# Green Stick



## SnapperSlapper (Feb 13, 2009)

Has anyone experimented with a green stick rig? I'm curious about rigging one on a "big boat" with a tall tower, as well as a small boat with only a hard top. Has anyone done it? I've seen a couple commercial boats offshore doing it, and I know it works. And I've researched the kits on line, and they run $3,500 - 6,500. And I just can't rationalize that. Has anyone come up with a cheaper home made rig that won't kill someone, rip the tower/top off, or sink the boat?


----------



## DAWGONIT (Jan 16, 2009)

haven't, however fished alongside/around plenty of commercial boats/charters in the Tidewater, VA and NC Outer Banks regions. there is certainly a uniqueness to them for sure.

good luck & post some pics if you go that route.


----------



## JMB (Jan 2, 2009)

I have had an interest in Green sticks ever since learning about them after seeing them while fishing in Hawaii. 

After seeing what was involved it just didn't seem practical as a recreational fisherman. 

For those not familiar with the technique see this link:

http://pop-hawaii.com/departments/sport-fishing/green-stick/

If trying to replicate the effectiveness of multiple baits out I would think about running multiple lightweight spreaders off the riggers way back or trolling with a kite and run 3-4 lines out. 

The kite being more difficult. But maybe more like the green stick. 

It would be cool if there is a way to rig this for our purposes. 

Let us know how it works out.


----------



## d-a (Mar 13, 2010)

It can be done. You will need a smaller bird that puts less pressure on your tower. Also use roller release clips attached to long line clips so you have the flexibility to adjust spacing. You want no more than four lines from rods in the holders. You will need to adjust the squid height so there out of the water as much as there in the water. Some places like Japan don't use a bird, just a round buoy, so don't get too caught up on an elaborate bird. It's a lot of work, but can be done if the want is there.

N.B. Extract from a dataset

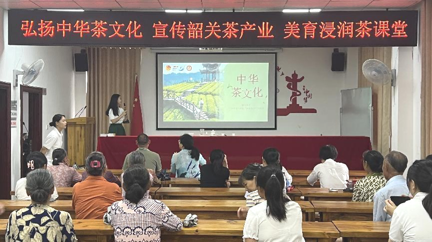 随后,实践团到达珠玑镇灵潭村村委会,为村民们带来了一场别开生面的茶课堂培训,深入浅出地讲解了中华茶文化的历史、韶关茶文化的发展及其代表名茶。实践团成员还为村民们带来了精彩的现场茶艺表演,受到了村民们的一致好评。

Like anything else, if your not fishing where the fish are your not gonna catch them 

d-a


----------



## matttheboatman (Aug 25, 2008)

You need to go with a full size Green Stick or don't do it! yes, I've seen them catch fish right next to me when all I saw was tuna 175' below the boat. The moment that huge bird came flopping along the surface with all those baits jumping out of the water - the tuna came up immediately. The boat I saw was actually a motor sailer commercial boat called the Viking something, rigged with 2 Green Sticks. Ever since that experience I've wanted to try it. All the research I've done on it says that smaller, less flexible rigs don't work. There are several boats in NC that swear by them. As big as tuna are, they sure can be finicky creatures responding well to tricks such as Kites and all those Green stick baits. Good luck. Matt


----------